The first thing to cover are the terms "Rack and Pinion." One of the most common types of steering.
A rack is a bar with teeth on one side. There are a couple of common lego racks. The first is a 1X4 plate with teeth. The other is fairly new, or at least for me. It has the 1x4ish plate with set of teeth, but has technic holes on the end, making it easier to attach to steering arms.
Pinion is basically a gear that moves the rack side to side. Any gear will work as a pinion, but These three are the most common, or ones that work the best.
A basic rack and pinion steering system can be seen in the main photo, and also in this video. This video also has two other steering systems.
This standard method of rack and pinion is good for no suspension vehicles, or some solid axle suspension systems, such as Leaf spring, Rubberband, and Pendular. (See Suspension tutorial I)
Now you may ask "What if I want to make steering with independent suspension?" Well I have a few tips and tricks for that.
This is a steering system with independent suspension. To make steering with independent suspension, you have to have A-arms. A-arms are suspension arms usually shaped like an "A" that allow each tire to pivot up and down independent of one another. The other thing you need is some type of ball and socket pieces to allow your steering arm to move. Lego makes some different kinds of A-arms, and ball and socket pieces for this steering.
This is the steering rack, and the steering arms. Now you make one of these, and put it on your creation, but when you push the suspension down, the wheels "tow out/in". To "tow out" means that the front of the wheels are angled outward. To "tow in" means the front of the wheels move toward the center. Now this is bad, because it increases wear on your tires, and can cause steering problems. One of the best things I have found to fix this is to keep the rack/steering arms as close to to parallel with the drive axle as possible. This may sound confusing, ask questions if you don't understand.
Steering arms attached to the hub.
This is another type of steering which for the purpose of this tutorial, I will call "Lever arm" (may not be the correct term, correct me if I'm wrong) It does not require a rack, but if you are adding motors, I would suggest adding gears, as it has a tendency to move very fast.
This one is on a independent suspension system, so it has ball and socket steering arms, but the part that acutally causes the steering motion is the grey piece in the center. It is attached to a solid axle going up the center. When you turn this axle, it moves the other end of the grey piece side to side. This side to side motion is then transfered to the wheel hubs, via 1 3x5 technic L piece, and the two ball and socket arms on either side. This steering is better for smaller creations.
This, in my personal opinion, is the best way to control this type of steering. A worm gear drive. It slows the motor down enough that it turns the wheels slowly.
Steering for a pendular suspension system. Seems simple right? well there are a few things you have to think about when designing this system. Wait... before I start in on the pendular steering, that white gear is called a clutch gear, the main purpose of this gear is to keep your other gears from breaking teeth. It will turn gears, and make your steering work, but when enough resistance is applied, the shaft will spin inside the gear. This is not good for drive systems, but works good for steering systems.
This pendular suspension system is designed for a trial truck.

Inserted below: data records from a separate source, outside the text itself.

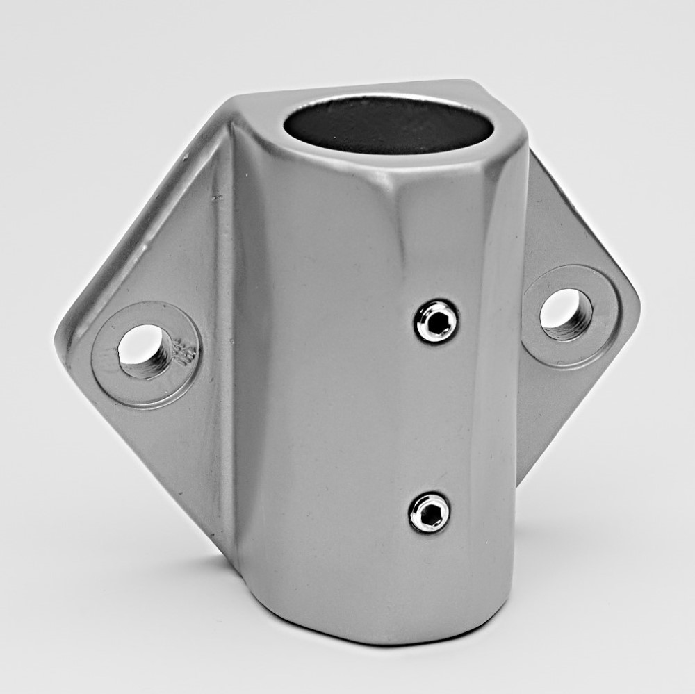 Fixing base for mounting an end tube on a vertical surface. The tube is secured by pressure from the fasteners. No machining of the tubes is required.
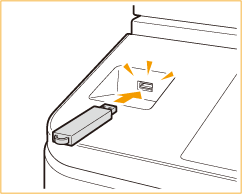U kunt een USB-geheugenapparaat aansluiten op de USB-poort aan de linkerzijde van het bedieningspaneel, en rechtstreeks vanaf het USB-geheugenapparaat gegevens afdrukken. Originelen die met het apparaat zijn gescand, kunnen ook rechtstreeks worden opgeslagen op het USB-geheugenapparaat.
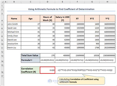 Coefficient of Determination Formula Calculation with Excel Template
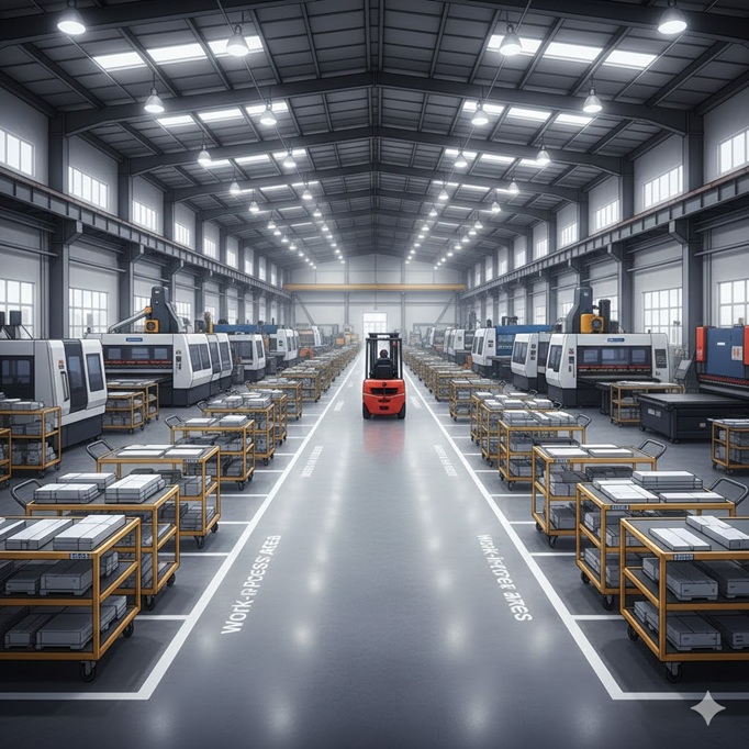 新工場の設計では、各工程の間に、あらかじめ「次に加工するものを置くエリア」と「加工が終わったものを置くエリア」を明確に確保します。目安として、工場床面積の約30%をこれらの「滞留・通路スペース」として最初から割り当てる勇気が必要です。これにより、通路が塞がれるストレスのない、整然とした現場が維持されます。
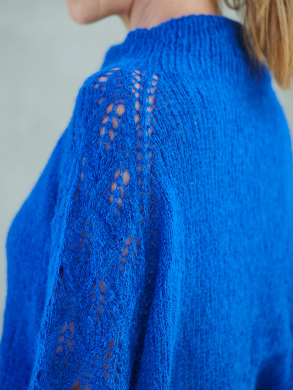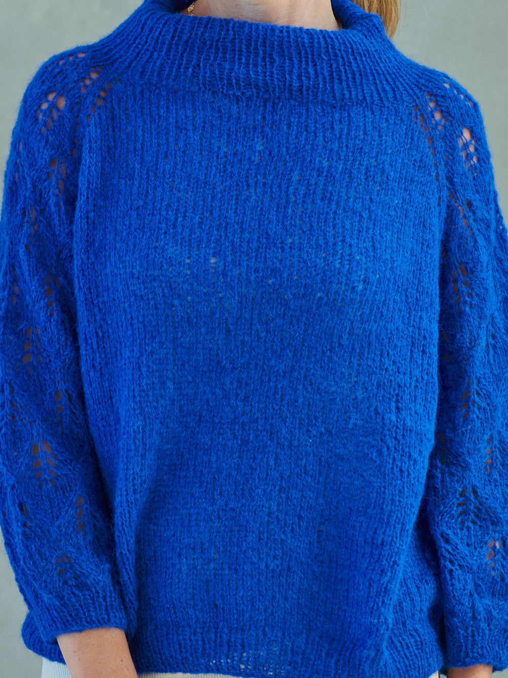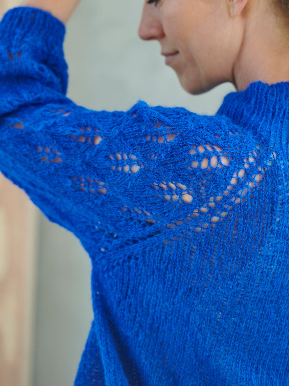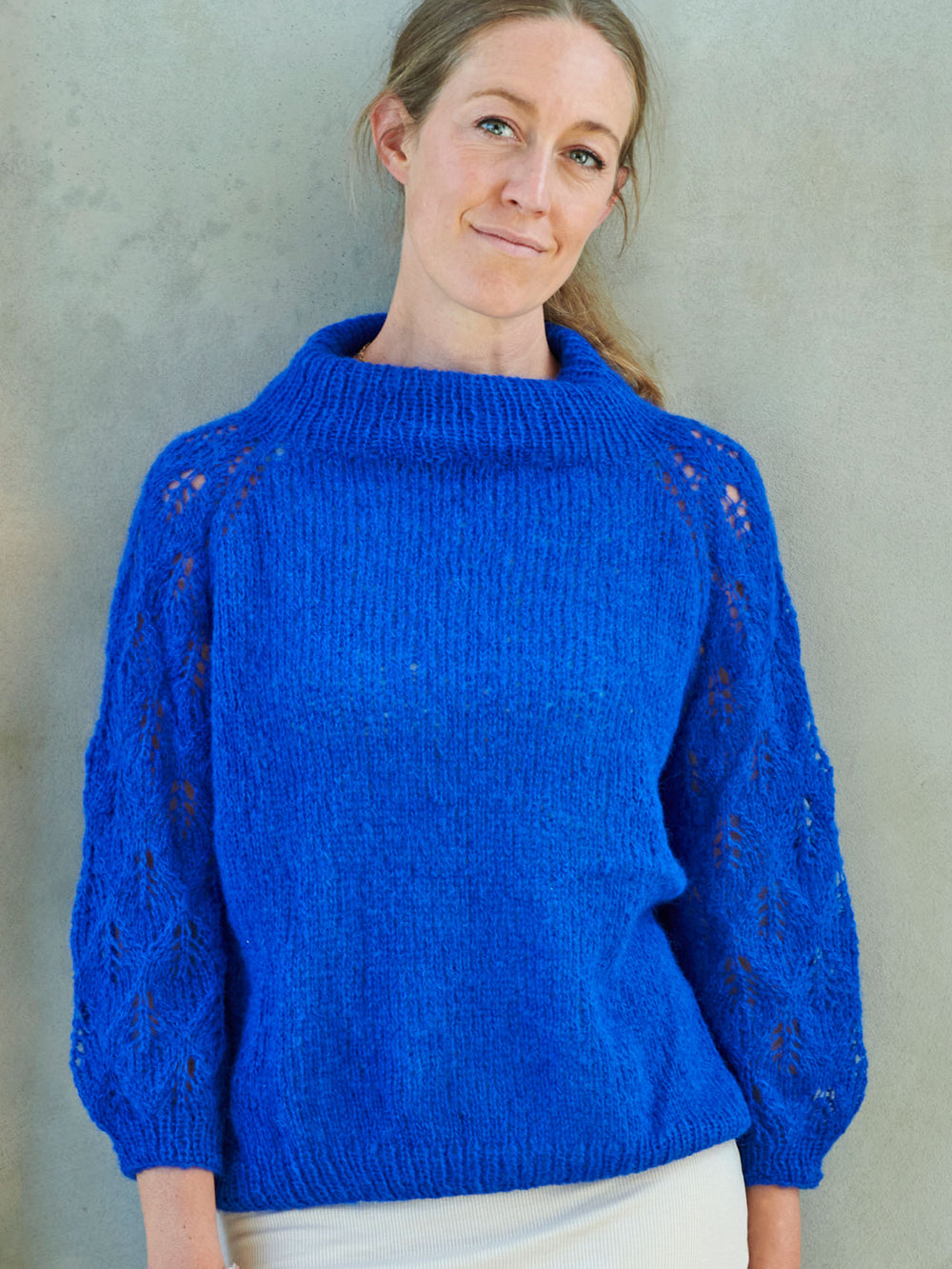 Underbart lätt och luftig blus med mönstrade 3/4-ärmar och en vacker halskrage. Rønbjerg-toppen stickas uppifrån och ner, och du börjar därför med den breda halskragen. Toppens fram- och bakstycke stickas i slätstickning, medan ärmarna stickas i ett elegant bladmönster. Den stora halskragen faller vackert och formar halsringningen helt av sig själv.
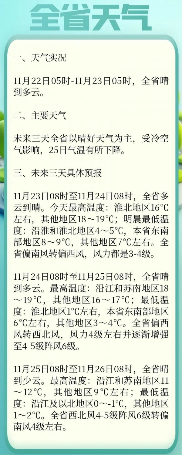 【未来三天全省以晴好天气为主,受冷空气影响,25日气温有所下降】
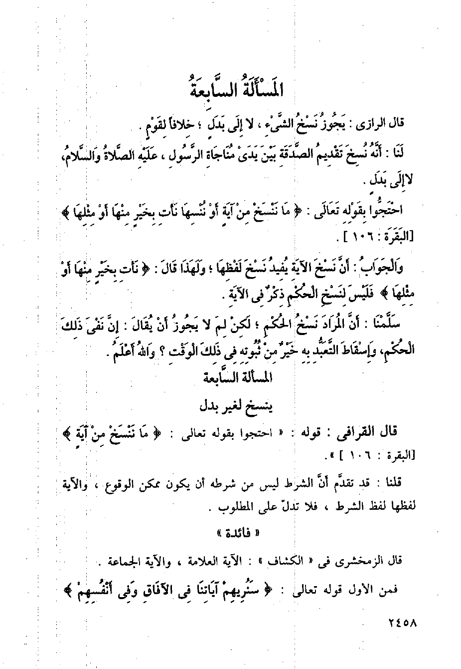 قال القرافي: قوله: "احتجوا بقول الله تعالى: {ما ننسخ من آية}] البقرة: 106 [".
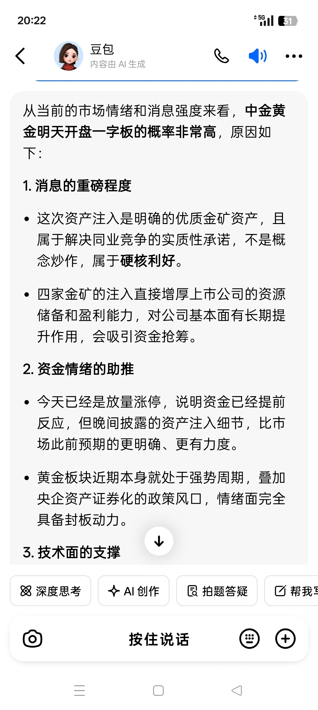 豆包预计明天会一字板开盘,就是不知道有几个涨停板。又是纱岭金矿投入运行又是资产注

The turn table is the part that rotates, and produces the suspension. When building a pendular suspension system, you put the steering shaft as the suspension shaft. Then when you add a motor, you find out, the wheels turn when the suspension moves. This is caused by the steering shaft not moving with suspension system. There are a couple fixes. You can mount the steering motor on the "axle" of the suspension system. There are a couple ways you can go about doing this. First you could mount the motor straight up, or off to the side. (See My Rock Crawler) Or you can mount it like I have mounted this one.
If you watched the video, you saw that at the end how this works. I attached the red piece to the motor shaft for steering, and then used two black axle to pin converters to attach the motor to the suspension axle. This is all done through the center of the turntable allowing the turn table to move, and the steering motor to stay inline with axle.
One other thing I would like to cover. If you want your steering to turn sharper, you can add double rack and pinion to your steering arms. The double pinions shown above fit with the double racks shown below, and allow the steering arm to move farther.
And this would be my WWII half track WIP. It's going to have 8 motors. Just for those of you who are curious on how it is comming, I just need to get an order of grey bricks in, and I should be set.
Thanks for looking at this tutorial, and if it helped you any, Your welcome! Oh one more thing, I'm thinking about doing a tutorial on Ackermann Geometry, a type of steering geometry. Would you like to see that?